DATA FOR THE TASK »
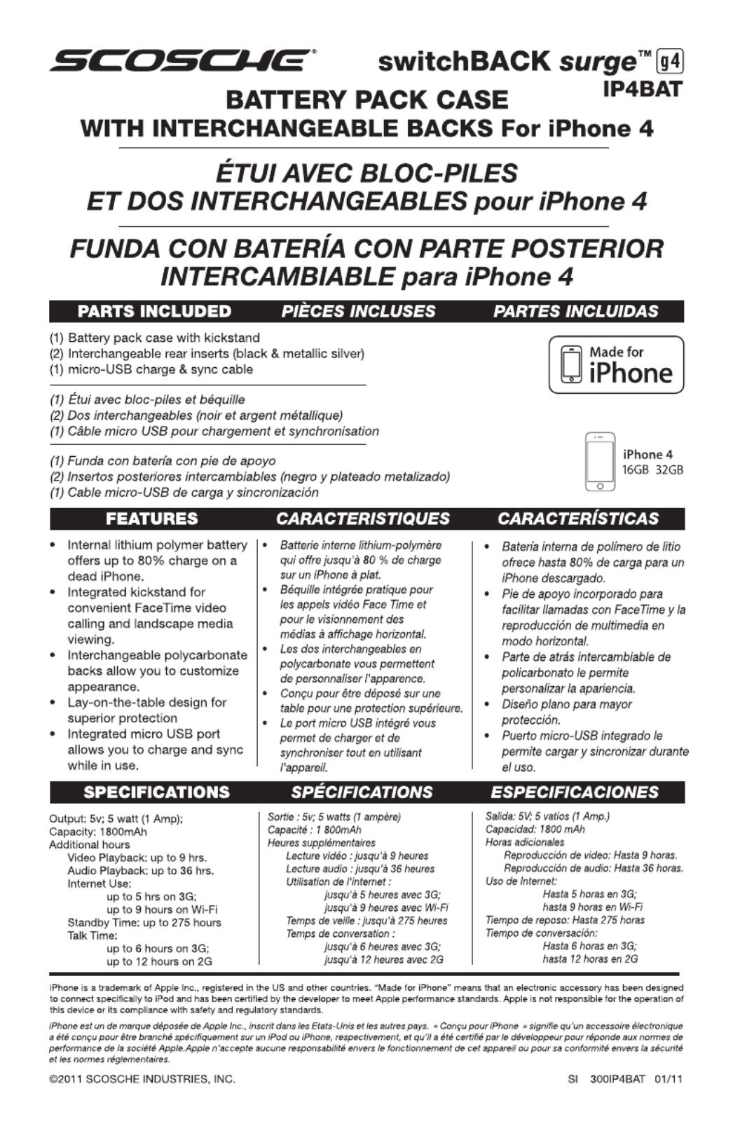 Hier is de Scosche switchBACK surge g4 (Accu) gebruikershandleiding. 4 pagina's in taal Engels met een gewicht van 0.6 Mb. Als u geen antwoorden op uw probleem kunt vinden Vraag het onze community.
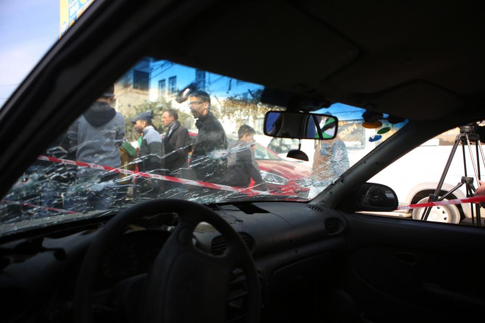 صور للسيارتين اللتين كان يستقلهما الشهيدان احمد جحاجحة وحكمت حمدان في مخيم قلنديا قبل اطلاق الرصاص عليهما ما ادى الى استشهادهما واصابة شاب ثالث كان مع احدهما...تظهر الصور تعرض احدى السيارتين لاكثر من 20 رصاصة في الواجهة الامامية.
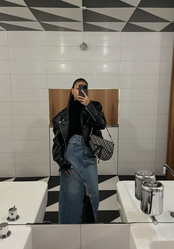 Why it works: The turtleneck keeps you warm, the leather adds edge, and the maxi denim skirt brings that perfect spring freshness.
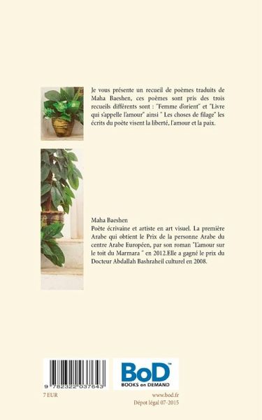 Je vous présente un recueil de poèmes de Maha Baeshen, ces poèmes sont pris des trois recueils différents sont : "Femme d'orient" et"Livre qui s'appelle l'amour" et " Les choses de filage" les écrits du poète visent la liberté, l'amour et la paix.
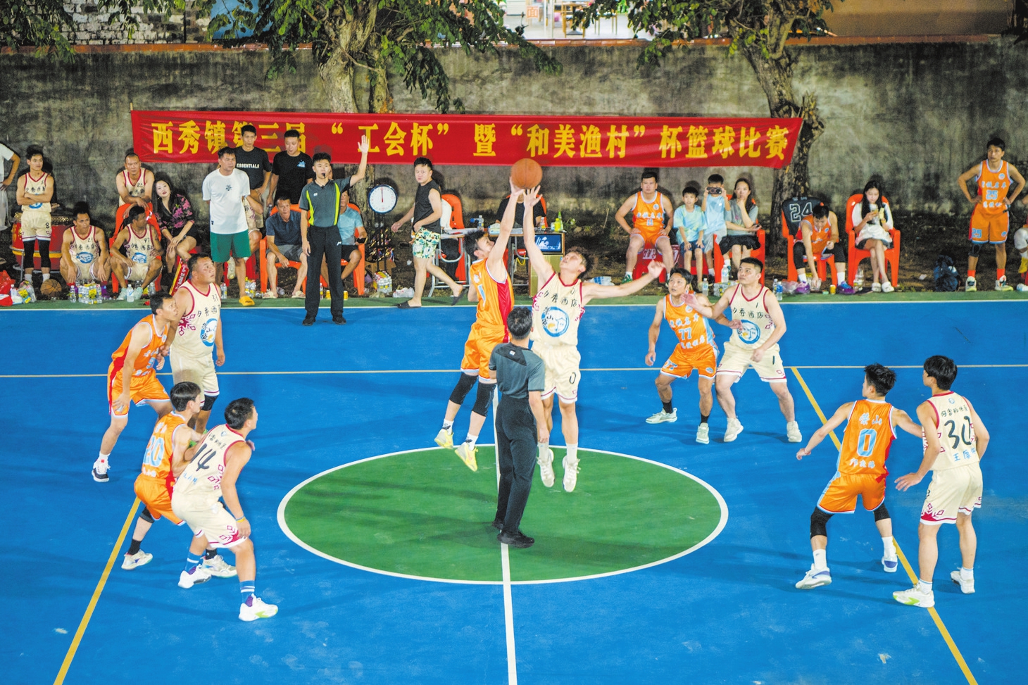 9月14日晚,荣山寮村灯火通明,西秀镇第三届“工会杯”暨“和美渔村”杯篮球赛激战正酣。球场上,队员们攻防转换迅速、比分紧咬不放,每一次进球都引来阵阵喝彩;看台边,观众呐喊助威,现场气氛热烈高涨。
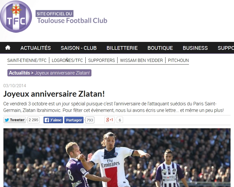 PSGのイブラヒモヴィッチが33歳の誕生日を迎えた10月3日、なんと同じリーグ・アンに所属するトゥールーズが公式サイト上でイブラヒモヴィッチの誕生日を祝うメッセージを公開した。
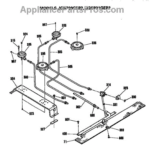 Parts for Ge JGSP30GEP2: Burner Assembly Parts
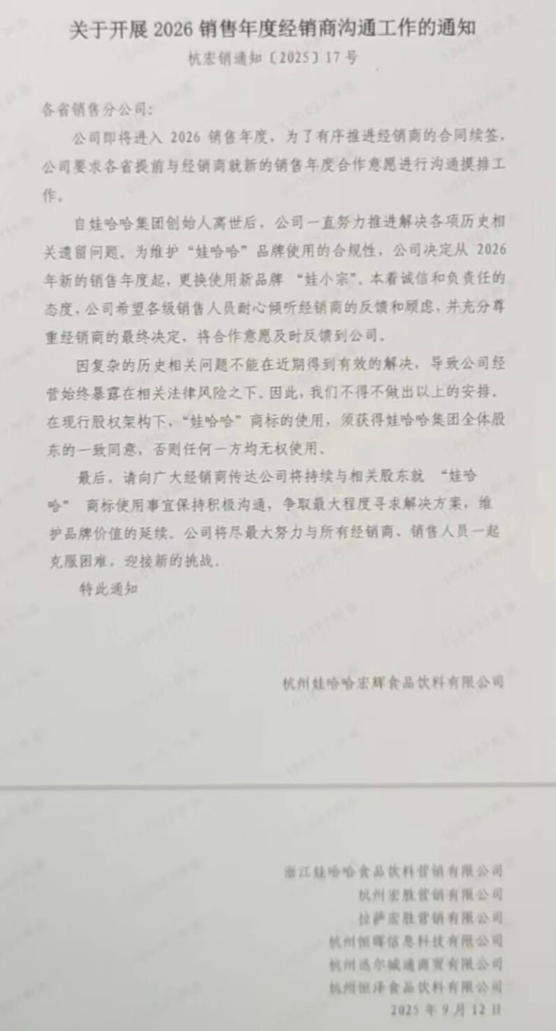 事实上,宗馥莉想要另起炉灶的迹象早已显现。此前,一份名为“关于开展2026销售年度经销商沟通工作的通知”的娃哈哈内部文件在网络上流出。
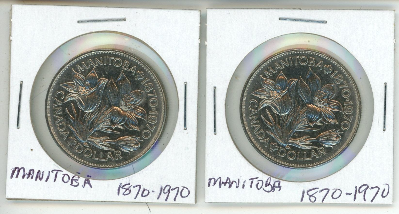 2 - 1870-1970 Canadian Manitboba 1 dollar coins
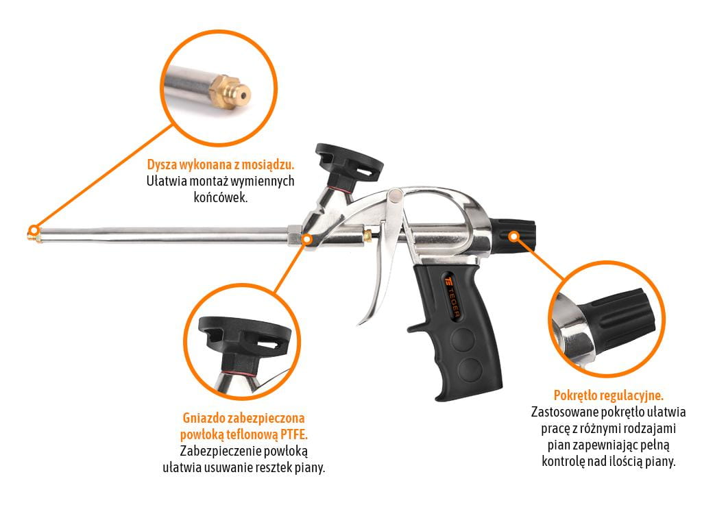 Wysokiej jakości pistolet do aplikacji pianek poliuretanowych. Wykonany ze stali nierdzewnej, aluminium i mosiądzu. Gniazdo przyłączeniowe zabezpieczone powłoką teflonową PTFE, zmniejszającą przyleganie pianki do elementu. Wyposażony w duże pokrętło do regulacji strumienia, zapewniający pełną kontrolę nad ilością aplikowanej piany. Ergonomicznie ukształtowany uchwyt w połączeniu z dobrym wyważeniem, umożliwia łatwą aplikację pianki za pomocą jednej ręki. Pistolet do piany PU TEGER to bardzo dobry wybór dla wszystkich majsterkowiczów, którzy cenią sobie wysoką jakość w przystępnej cenie. Przeznaczony do precyzyjnego i kontrolowanego wypełniania spoin i przestrzeni pianką PU np. uszczelnianie ościeżnic okiennych, drzwiowych, bram garażowych oraz kominów. Pasuje do wszystkich standardowych puszek z pianą montażową.

ABOUT THIS TASK » Recreate the listing above word for word, dropping each picture it contains.

ANSWER TO THE EXERCISE »
 Hier is de Scosche switchBACK surge g4 (Accu) gebruikershandleiding. 4 pagina's in taal Engels met een gewicht van 0.6 Mb. Als u geen antwoorden op uw probleem kunt vinden Vraag het onze community.
 صور للسيارتين اللتين كان يستقلهما الشهيدان احمد جحاجحة وحكمت حمدان في مخيم قلنديا قبل اطلاق الرصاص عليهما ما ادى الى استشهادهما واصابة شاب ثالث كان مع احدهما...تظهر الصور تعرض احدى السيارتين لاكثر من 20 رصاصة في الواجهة الامامية.
 Why it works: The turtleneck keeps you warm, the leather adds edge, and the maxi denim skirt brings that perfect spring freshness.
 Je vous présente un recueil de poèmes de Maha Baeshen, ces poèmes sont pris des trois recueils différents sont : "Femme d'orient" et"Livre qui s'appelle l'amour" et " Les choses de filage" les écrits du poète visent la liberté, l'amour et la paix.
 9月14日晚,荣山寮村灯火通明,西秀镇第三届“工会杯”暨“和美渔村”杯篮球赛激战正酣。球场上,队员们攻防转换迅速、比分紧咬不放,每一次进球都引来阵阵喝彩;看台边,观众呐喊助威,现场气氛热烈高涨。
 PSGのイブラヒモヴィッチが33歳の誕生日を迎えた10月3日、なんと同じリーグ・アンに所属するトゥールーズが公式サイト上でイブラヒモヴィッチの誕生日を祝うメッセージを公開した。
 Parts for Ge JGSP30GEP2: Burner Assembly Parts
 事实上,宗馥莉想要另起炉灶的迹象早已显现。此前,一份名为“关于开展2026销售年度经销商沟通工作的通知”的娃哈哈内部文件在网络上流出。
 2 - 1870-1970 Canadian Manitboba 1 dollar coins
 Wysokiej jakości pistolet do aplikacji pianek poliuretanowych. Wykonany ze stali nierdzewnej, aluminium i mosiądzu. Gniazdo przyłączeniowe zabezpieczone powłoką teflonową PTFE, zmniejszającą przyleganie pianki do elementu. Wyposażony w duże pokrętło do regulacji strumienia, zapewniający pełną kontrolę nad ilością aplikowanej piany. Ergonomicznie ukształtowany uchwyt w połączeniu z dobrym wyważeniem, umożliwia łatwą aplikację pianki za pomocą jednej ręki. Pistolet do piany PU TEGER to bardzo dobry wybór dla wszystkich majsterkowiczów, którzy cenią sobie wysoką jakość w przystępnej cenie. Przeznaczony do precyzyjnego i kontrolowanego wypełniania spoin i przestrzeni pianką PU np. uszczelnianie ościeżnic okiennych, drzwiowych, bram garażowych oraz kominów. Pasuje do wszystkich standardowych puszek z pianą montażową.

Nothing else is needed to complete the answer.